** Opening Data records block **

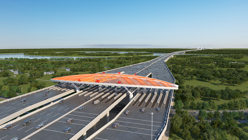 未来开通的主线收费站——长阳北收费站,也是工程另一大亮点。长阳北收费站是国内第一座陆地高架桥主线收费站,跨过房山区兰花文化公园。为了避免对公园造成隔离,桥下空间进行光影分析,整齐布设桥墩;桥梁中心设置透光隔离带,保证桥下采光,预留出广阔和舒适的桥下空间,拟进行体育、休闲设施设计,服务于居民休闲娱乐,实现沿线环境品质提升。
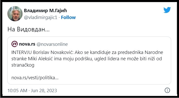 List „Politika“ je 28.06.2023. objavio tekst pod nazivom „Veliki sukob u Narodnoj stranci, Miroslav Aleksić i Vuk Jeremić u borbi za mesto predsednika“. U tom tekstu stoji: „Potpredsednik Narodne stranke Borislav Novaković izjavio je da će podržati kandidaturu Miroslava Aleksića za predsednika stranke 22. oktobra kada će biti održana Izborna skupština te partije. Tada će, na zahtev dve trećine odbora u Srbiji, biti birani svi stranački organi i predsednik Narodne stranke. Da je reč o sukobu za mesto lidera Narodne stranke, svedoči i poruka koju je poslao Vladimir Gajić šef Pravnog saveta Narodne stranke, njen potpredsednik i narodni poslanik. Gajić je uz Novakovićev intervju okačio komentar „Na Vidovdan…“, aludirajući da se radi o izdaji predsednika Narodne stranke Vuka Jeremića kome najbliži saradnici rade iza leđa. Uz Gajićevu objavu, stoji i komentar jednog od korisnika koji je za poteze Aleksića i Novakovića napisao komentar „Vuk Branković““.
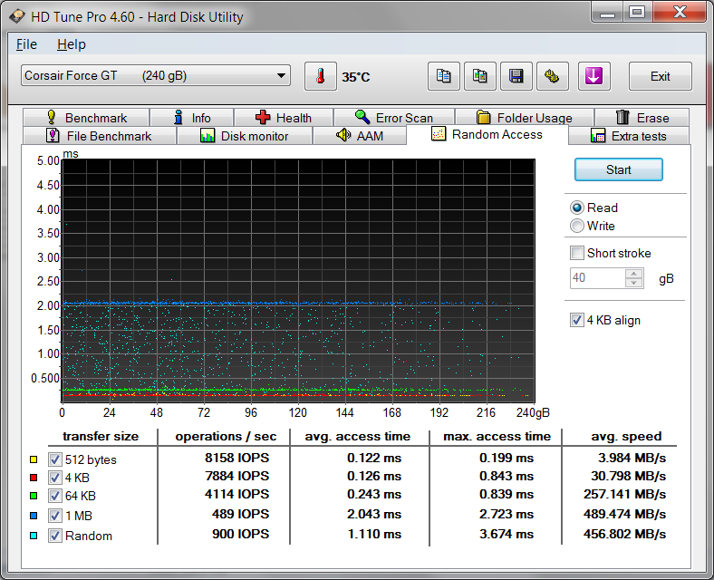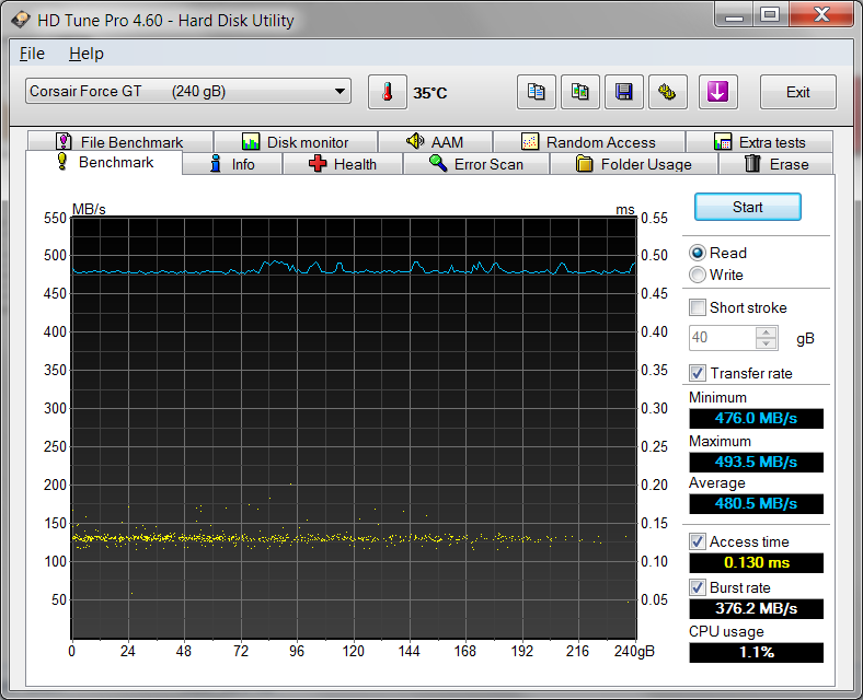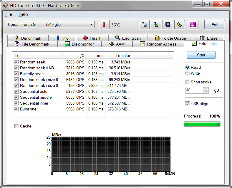 The thing we like most about HDTune Pro is its ability to show us that the Corsair Force GT is comfortable with SATA 3 speeds in several of the tests as is obvious with the last two charts.
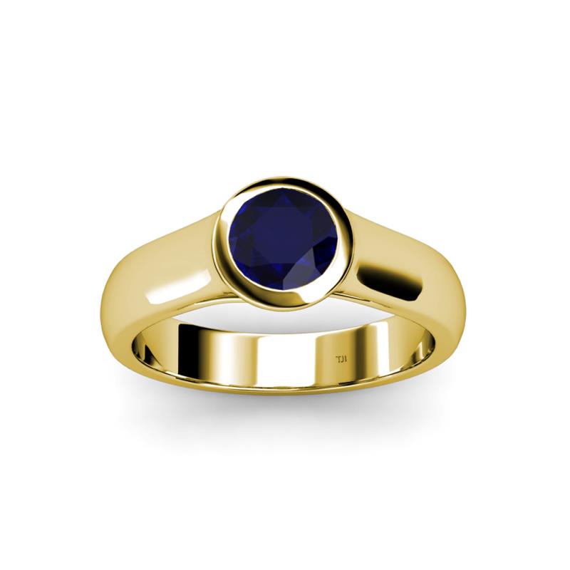 Blue Sapphire Womens Bezel Set Solitaire Engagement Ring 3/4 ct 18K Yellow Gold More Details ...
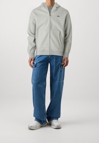 Homme portant un sweat à capuche gris clair zippé avec une poche kangourou et un pantalon cargo en denim bleu sur un fond uni.
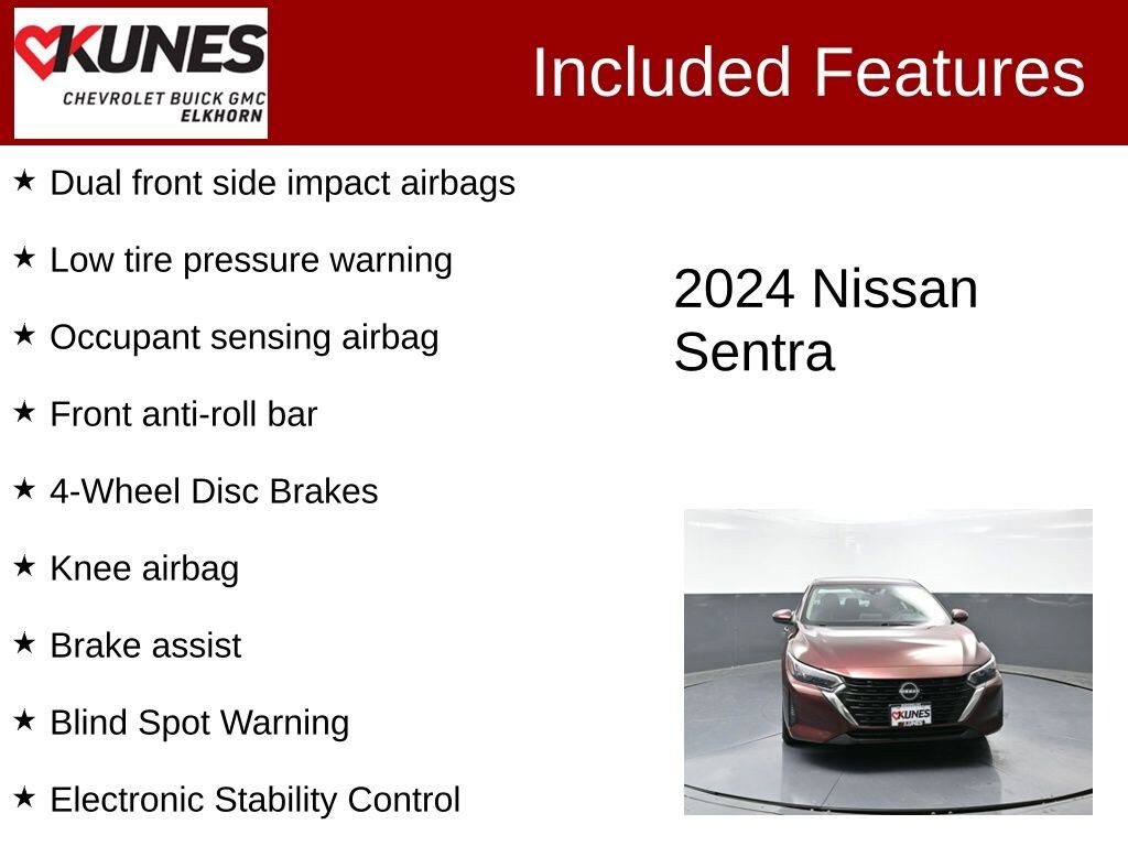 ** APPLE CAR PLAY / ANDROID AUTO, ** BACKUP CAMERA, ** BLUETOOTH, ONE OWNER, CVT with Xtronic, Charcoal Cloth, 16 Alloy Wheels, 4-Wheel Disc Brakes, Alloy wheels, Auto High-beam Headlights, Blind Spot Warning, Brake assist, Bumpers: body-color, Delay-off headlights, Dual front impact airbags, Dual front side impact airbags, Electronic Stability Control, Front anti-roll bar, Front Center Armrest, Front reading lights, Fully automatic headlights, Knee airbag, Leather steering wheel, Low tire pressure warning, Occupant sensing airbag, Overhead airbag, Overhead console, Panic alarm, Power door mirrors, Rear anti-roll bar, Rear Parking Sensors, Security system, Speed control, Speed-sensing steering, Split folding rear seat, Tachometer, Traction control, Trip computer.Certified. Certification Program Details:** NO FEAR LIFETIME CERTIFIED PREOWNED **Over $2,895 of value at no cost!*LIFETIME WARRANTY!*3 Day Exchange Policy!*Complimentary powertrain warranty with ability to upgrade to fully comprehensive coverage and/or extend up to 125,000 miles!*125+ Point Inspection by our factory trained ASE Certified technicians and reconditioned to the highest standards.*Complimentary AutoCheck History Report*Complimentary AutoCheck Buyback Protection*Financing for Everyone - Guaranteed credit approval regardless of credit history!*Over 30 lenders who compete to get you the best financing terms*No payments for up to 90 days!*Weekly, Bi-Weekly, and Monthly Payment Options for all buyers!*First Free Oil Change!*Trade anytime policy - cars, trucks, boats, RVs, motorcycles - as long as we donât have to feed it, you can trade it!Priced below KBB Fair Purchase Price!2024 Nissan Sentra SV 2.0L I4 DOHC CVT with Xtronic FWD CARFAX One-Owner. 30/40 City/Highway MPGFind out why our dealerships have won DealerRater.com DEALER OF THE YEAR a whopping 10 TIMES! Call, email, or live chat with one of our friendly sales professionals now to schedule your test drive! Ask about some of our other Chevrolet, GMC, Buick, Ford, Chrysler, Dodge, Jeep, Ram, Tesla, Kia, Hyundai, INFINITI, BMW, Mercedes, Toyota, Lexus, Nissan, Volkswagen, Hummer, Lincoln, Mazda, Mitsubishi, Honda, Acura, and other vehicles that may have navigation, sunroof, adaptive cruise control, leather, cooled seats, blind spot monitor, lane keep assist, panoramic moonroof, tow hitch, Bose audio, Harman Kardon, Sony, remote start, AWD, all wheel drive, 4x4, wireless charging, sirius XM, heated seats, heated steering wheel, V8, diesel, chrome, bed-liner, luggage rack, sensing, power folding mirrors, 5th wheel, gooseneck, autopilot, self-driving, EV, remote locking tailgate, LT, LTZ, High Country, LX, EX, EX-L, DVD, rear entertainment, rear bucket seats, S, SV, SL, premium, black edition, soft top, hard top, convertible, rally stripes, GT, Shelby, Z71, XL, XLT, Lariat, Denali, SLT, SLE, RS, Rebel, Preferred, Premier, Essence, Limited, Luxury, and more. Prices shown do not include tax, title, registration and $599 service fees.
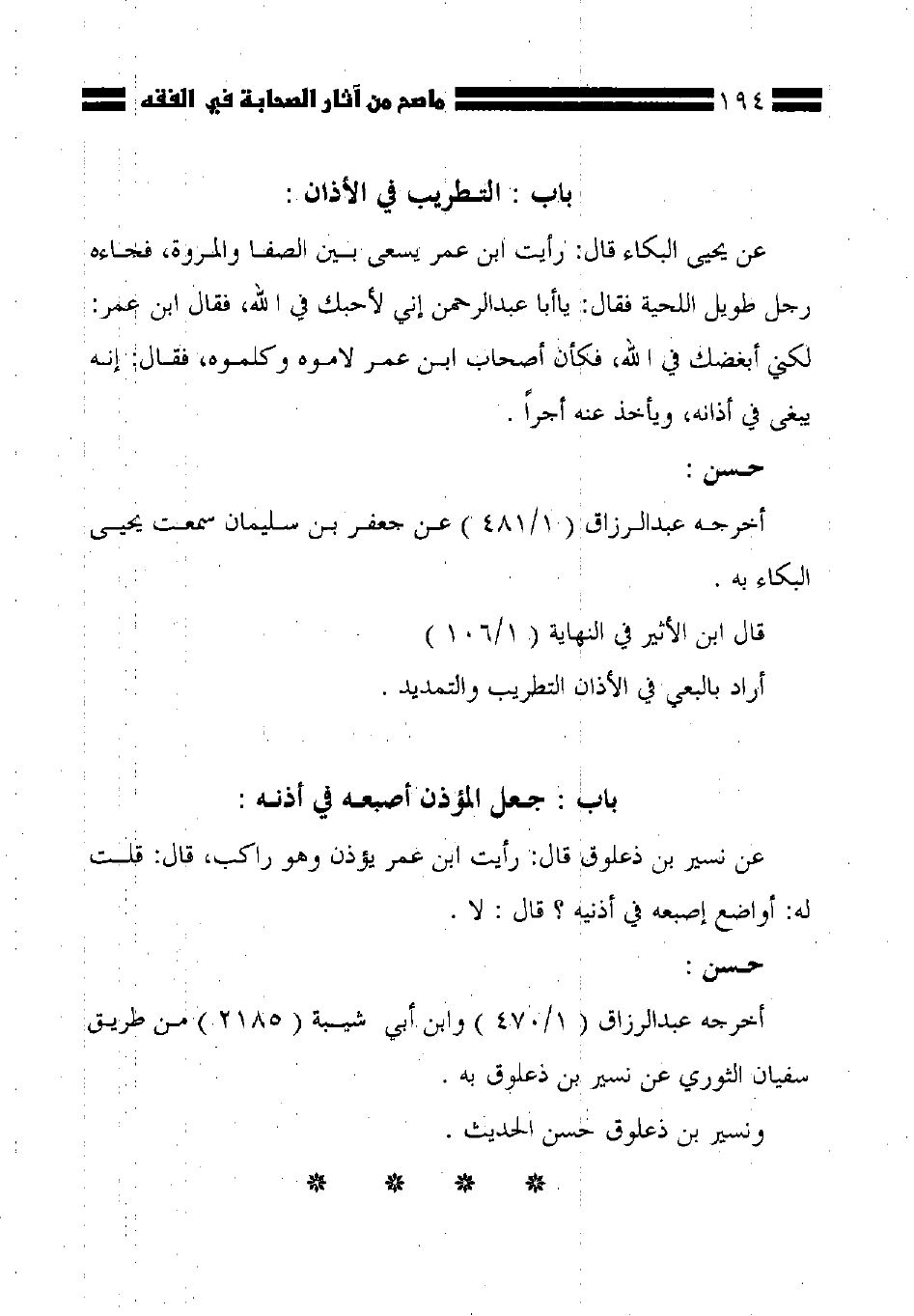 عن نسير بن ذعلوق قال: رأيت ابن عمر يؤذن وهو راكب، قال: قلت له: أواضع إصبعه في أذنيه؟ قال: لا.
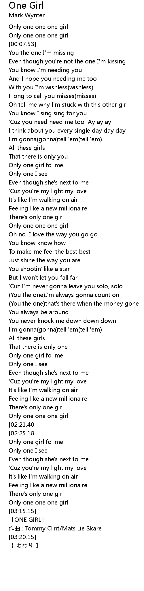 | [01:00.15] | Only one one one girl |
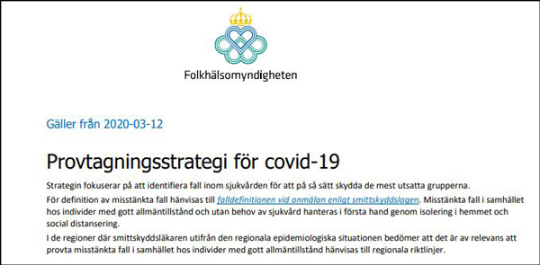 新冠病毒檢測政策調整 圖自瑞典公共衞生局(下同)
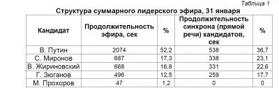 Что касается синхрона (прямой речи) лидеров, то 31 января его структура аналогична: В. Путин получил 36% эфирного времени, В. Жириновский и С. Миронов по 23%. М. Прохорову не было выделено синхрона.
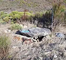 In his 2011 publication, Jean Abélanet outlines 147 dolmens in the Pyrénées-Orientales, along with 5 menhirs, including those mentioned in ancient sources but not yet discovered.[2] The Dolmen de Castelló discovered in 2011 is not included.[3] Carreras and Tarrús completed their list in 2012, documenting 125 megalithic sites, 114 burials, and 10 menhirs, in addition to one necropolis.[4] They identify 19 sites as potentially false or doubtful.[5] The Castelló dolmen is also omitted from their count. In 2017, Carreras and Tarrus published an article that lists megaliths discovered between 1999 and 2015 in the county and neighboring Alt Empordà. Three megaliths were found in the Pyrenees-Orientales.[6]
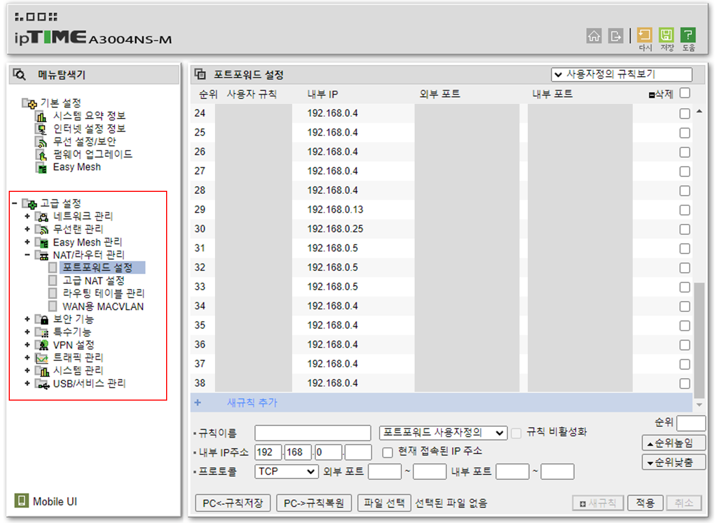왼쪽 메뉴에서 "고급 설정 > NAT/라우터 관리 > 포트포워드 설정" 메뉴로 이동하면 아래와 같이 나온다.
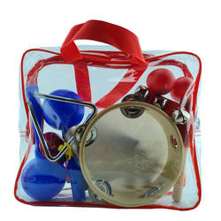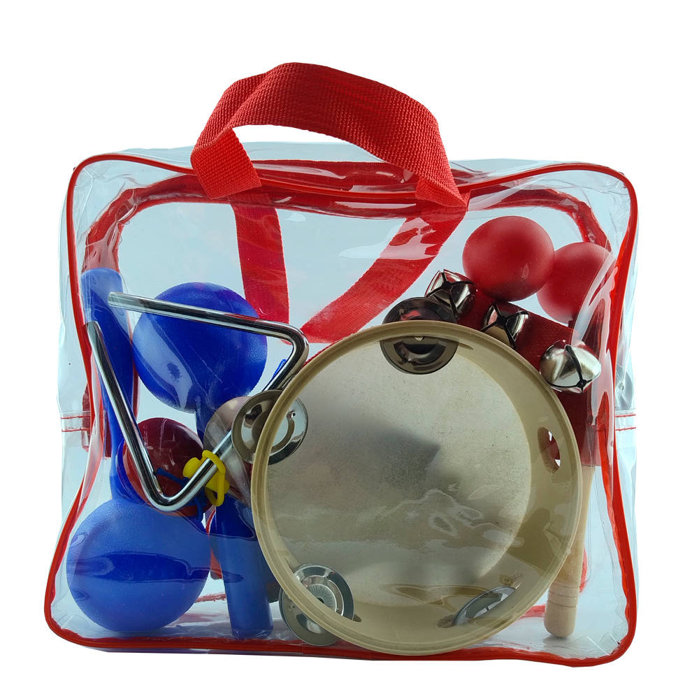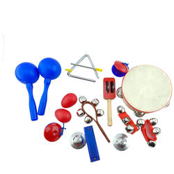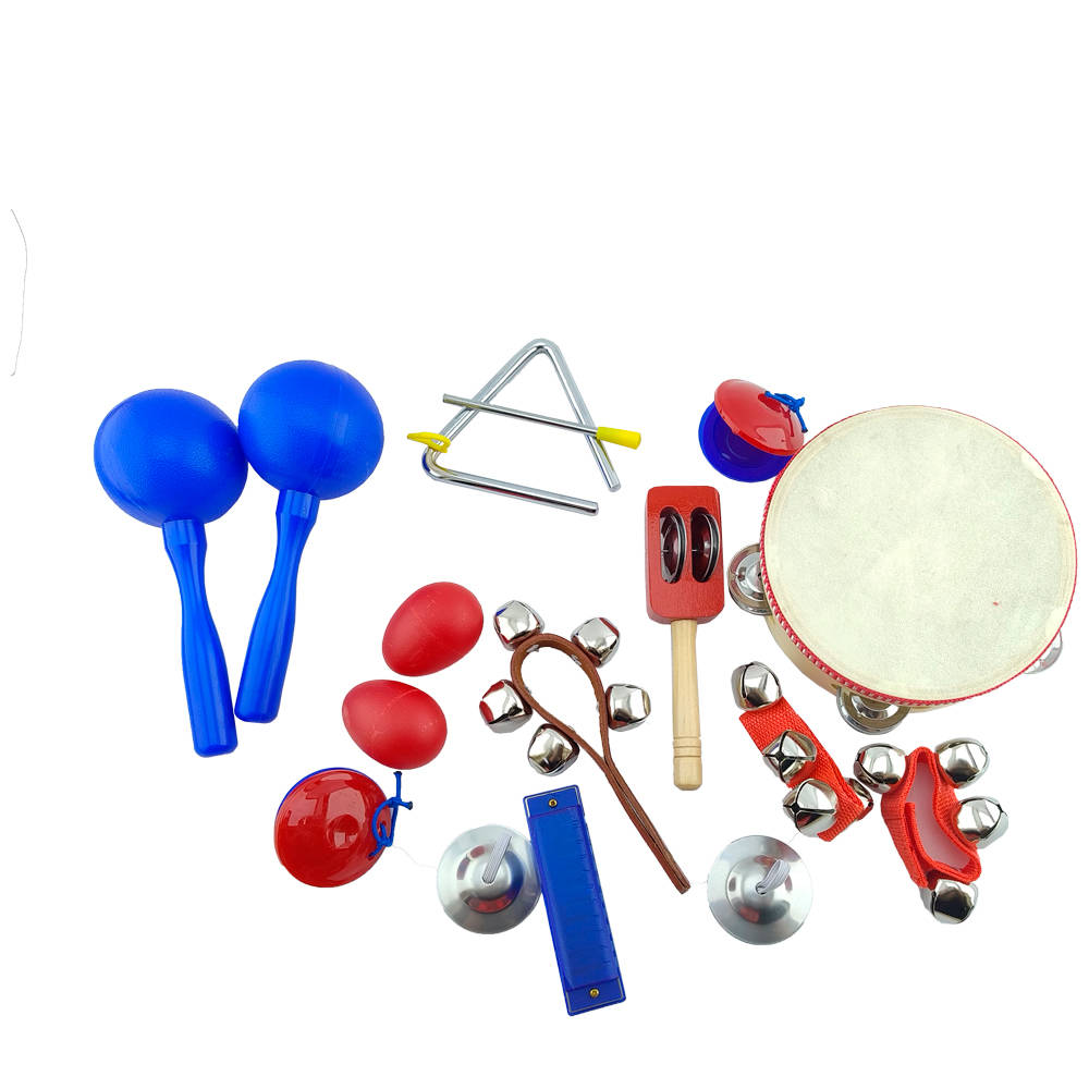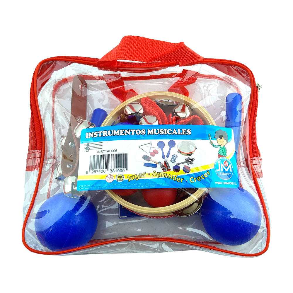 - Maleta de 10 instrumentos musicales de madera percusión compuesto por 1 pandero de madera con piel sintética, 2 huevos de percusión plasticos, 2 castañuelas de plástico, 2 pulseras de cascabel rojas de tela con 4 cascabeles cada una, 1 triángulo de metal, 1 sonajeros de 4 campanas, 1 sonajero de madera, 1 armonica, 2 maracas plasticas y 2 platillos dedo.

** Closing Data records block **

| Work instruction |
Give back exactly the lines from the line with "新冠病毒檢測政策調整 圖自瑞典公共衞生局(下同)" through the final line of the entries above, and keep pictures out of the copy.

| Reply to the exercise |
 新冠病毒檢測政策調整 圖自瑞典公共衞生局(下同)
 Что касается синхрона (прямой речи) лидеров, то 31 января его структура аналогична: В. Путин получил 36% эфирного времени, В. Жириновский и С. Миронов по 23%. М. Прохорову не было выделено синхрона.
 In his 2011 publication, Jean Abélanet outlines 147 dolmens in the Pyrénées-Orientales, along with 5 menhirs, including those mentioned in ancient sources but not yet discovered.[2] The Dolmen de Castelló discovered in 2011 is not included.[3] Carreras and Tarrús completed their list in 2012, documenting 125 megalithic sites, 114 burials, and 10 menhirs, in addition to one necropolis.[4] They identify 19 sites as potentially false or doubtful.[5] The Castelló dolmen is also omitted from their count. In 2017, Carreras and Tarrus published an article that lists megaliths discovered between 1999 and 2015 in the county and neighboring Alt Empordà. Three megaliths were found in the Pyrenees-Orientales.[6]
왼쪽 메뉴에서 "고급 설정 > NAT/라우터 관리 > 포트포워드 설정" 메뉴로 이동하면 아래와 같이 나온다.
 - Maleta de 10 instrumentos musicales de madera percusión compuesto por 1 pandero de madera con piel sintética, 2 huevos de percusión plasticos, 2 castañuelas de plástico, 2 pulseras de cascabel rojas de tela con 4 cascabeles cada una, 1 triángulo de metal, 1 sonajeros de 4 campanas, 1 sonajero de madera, 1 armonica, 2 maracas plasticas y 2 platillos dedo.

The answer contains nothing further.